**Work request:** Transcribe the entries below exactly, starting with the line that has "플러스 사이즈 여성의" and stopping after the line that has "El Colegio de"; no pictures belong in the copy.

**Data listing:**
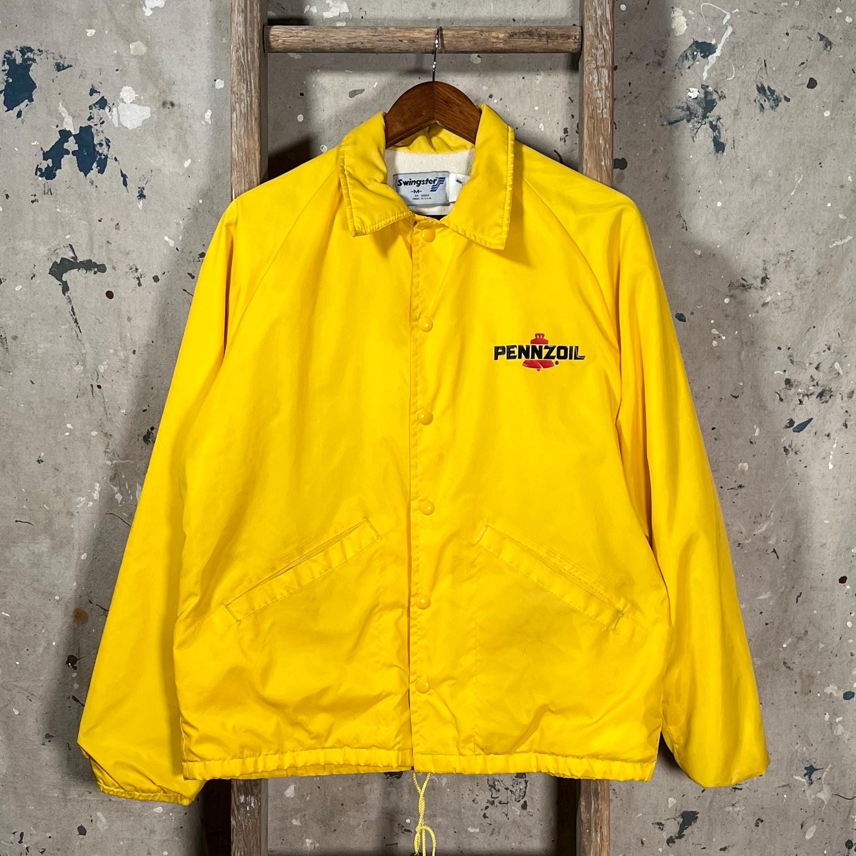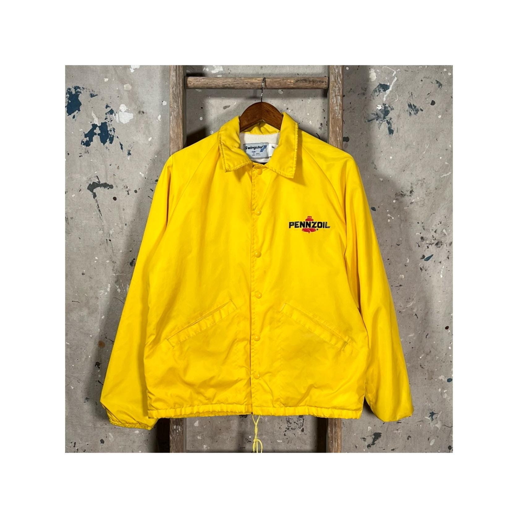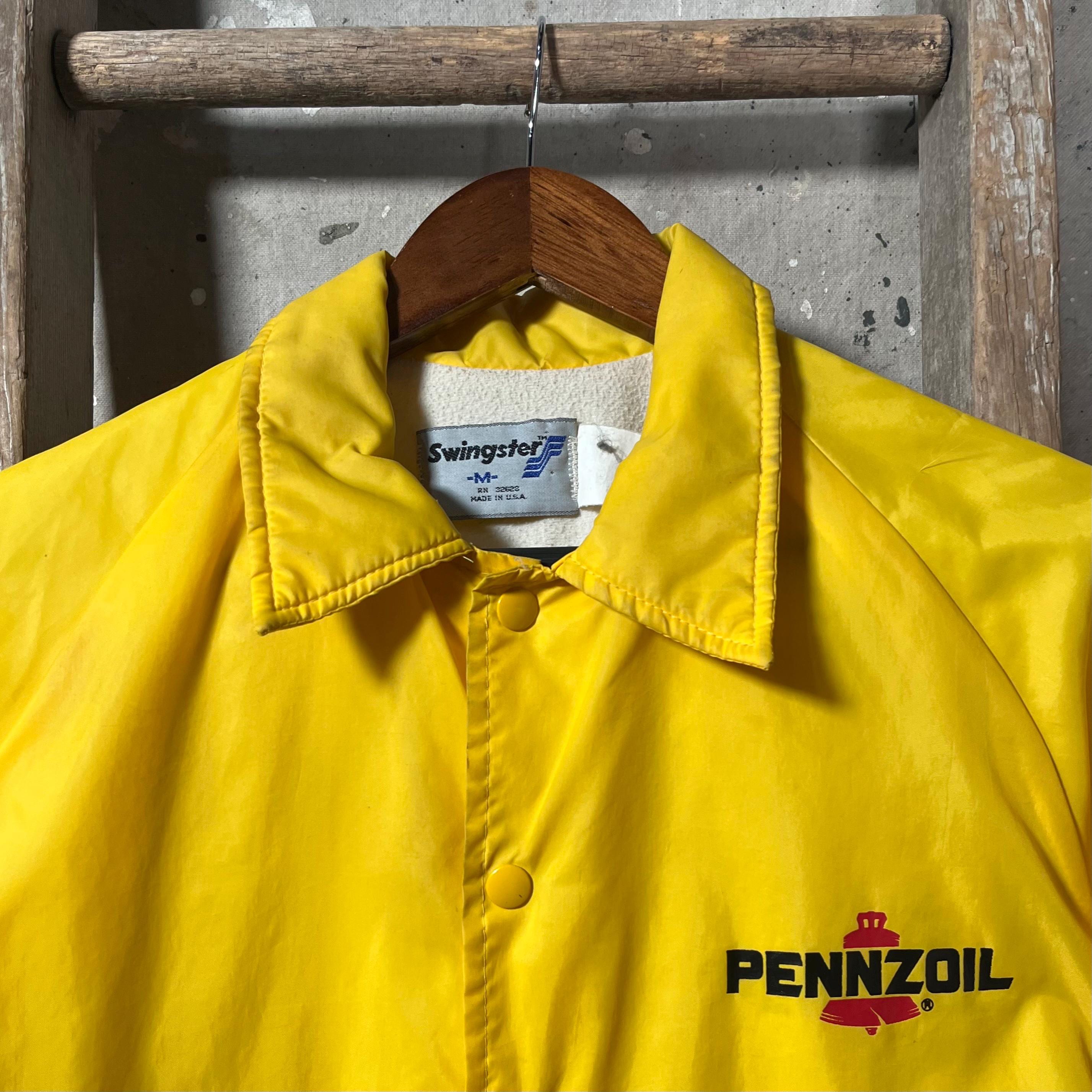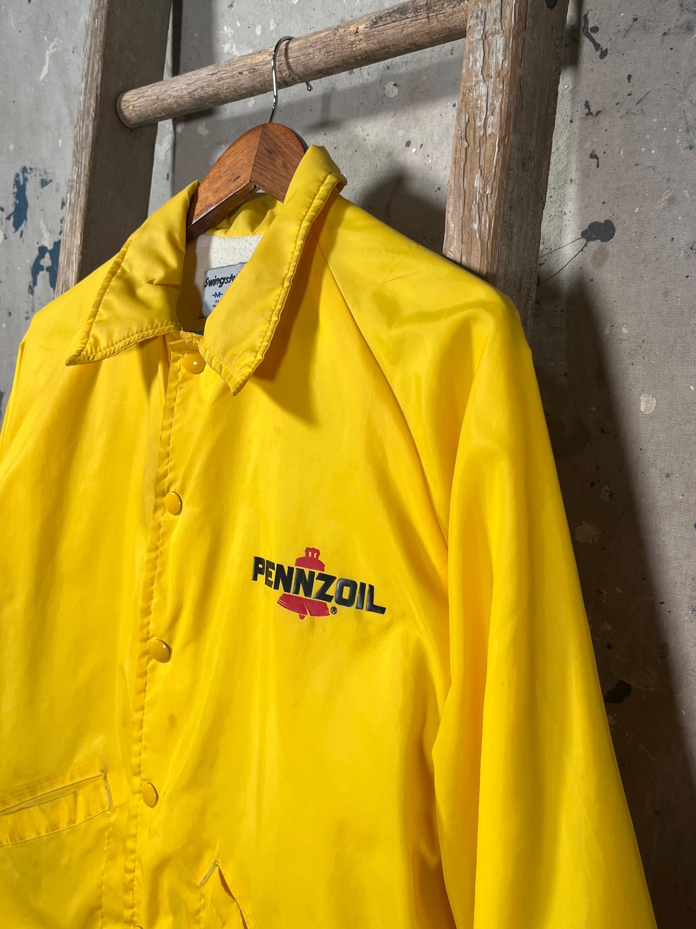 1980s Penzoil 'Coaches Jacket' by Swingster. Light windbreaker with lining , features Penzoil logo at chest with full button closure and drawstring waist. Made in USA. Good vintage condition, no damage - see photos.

---

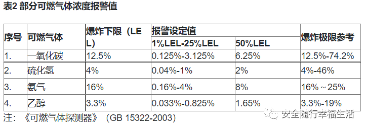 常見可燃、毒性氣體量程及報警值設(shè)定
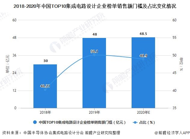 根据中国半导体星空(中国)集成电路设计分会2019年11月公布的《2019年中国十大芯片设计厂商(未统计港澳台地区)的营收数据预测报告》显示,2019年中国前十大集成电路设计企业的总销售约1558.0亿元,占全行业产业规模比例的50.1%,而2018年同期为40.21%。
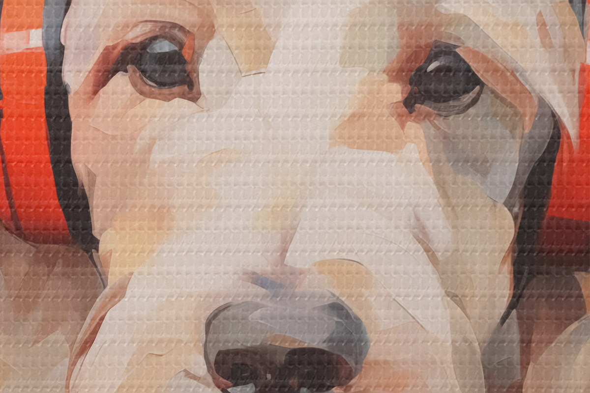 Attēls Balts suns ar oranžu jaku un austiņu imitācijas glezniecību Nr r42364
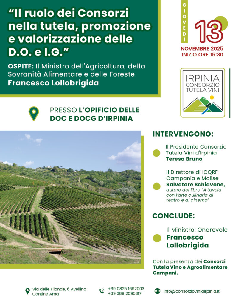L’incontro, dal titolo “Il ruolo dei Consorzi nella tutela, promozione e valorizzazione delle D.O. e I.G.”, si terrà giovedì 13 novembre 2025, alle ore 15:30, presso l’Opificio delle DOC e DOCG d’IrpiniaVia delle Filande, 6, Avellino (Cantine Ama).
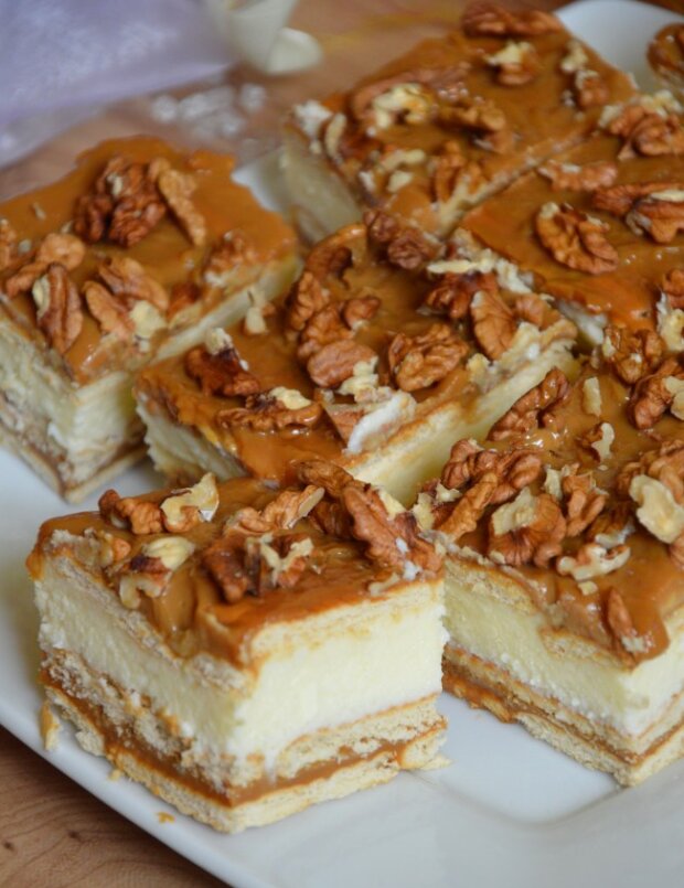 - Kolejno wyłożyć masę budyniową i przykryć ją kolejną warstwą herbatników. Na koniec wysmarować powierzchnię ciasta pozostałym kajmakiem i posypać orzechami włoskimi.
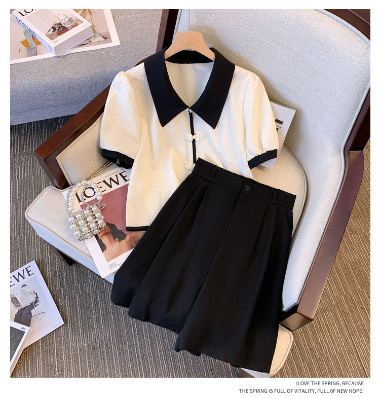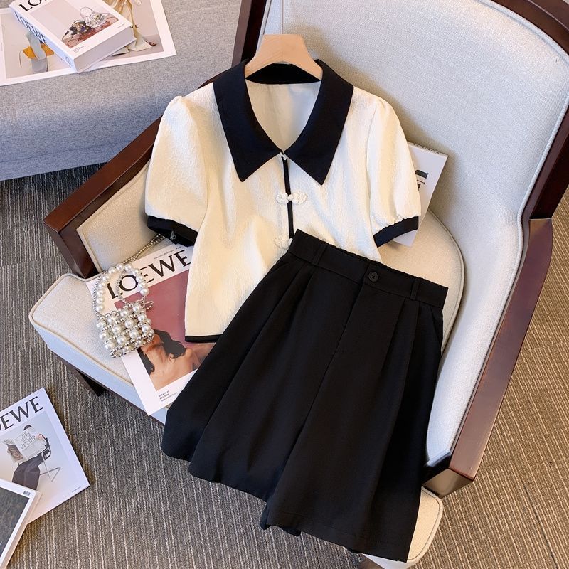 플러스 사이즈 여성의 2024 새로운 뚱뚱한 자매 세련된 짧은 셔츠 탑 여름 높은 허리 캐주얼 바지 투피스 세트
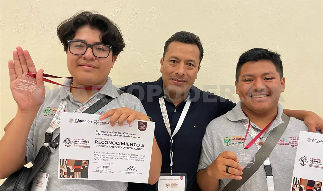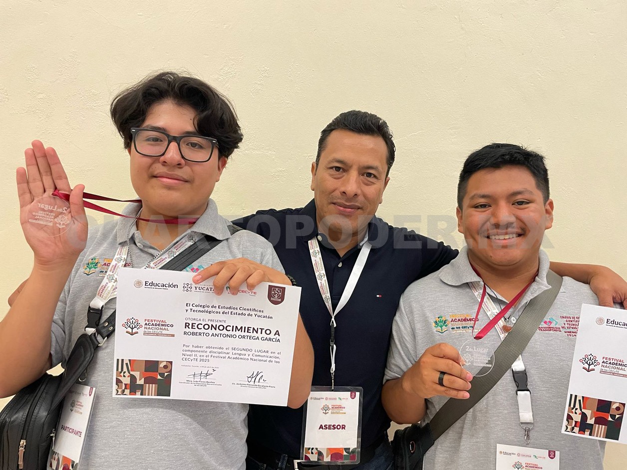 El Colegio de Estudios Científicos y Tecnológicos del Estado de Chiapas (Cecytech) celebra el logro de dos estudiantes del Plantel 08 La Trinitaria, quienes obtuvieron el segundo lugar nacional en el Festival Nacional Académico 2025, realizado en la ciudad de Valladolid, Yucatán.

**Answer section:**
 플러스 사이즈 여성의 2024 새로운 뚱뚱한 자매 세련된 짧은 셔츠 탑 여름 높은 허리 캐주얼 바지 투피스 세트
 El Colegio de Estudios Científicos y Tecnológicos del Estado de Chiapas (Cecytech) celebra el logro de dos estudiantes del Plantel 08 La Trinitaria, quienes obtuvieron el segundo lugar nacional en el Festival Nacional Académico 2025, realizado en la ciudad de Valladolid, Yucatán.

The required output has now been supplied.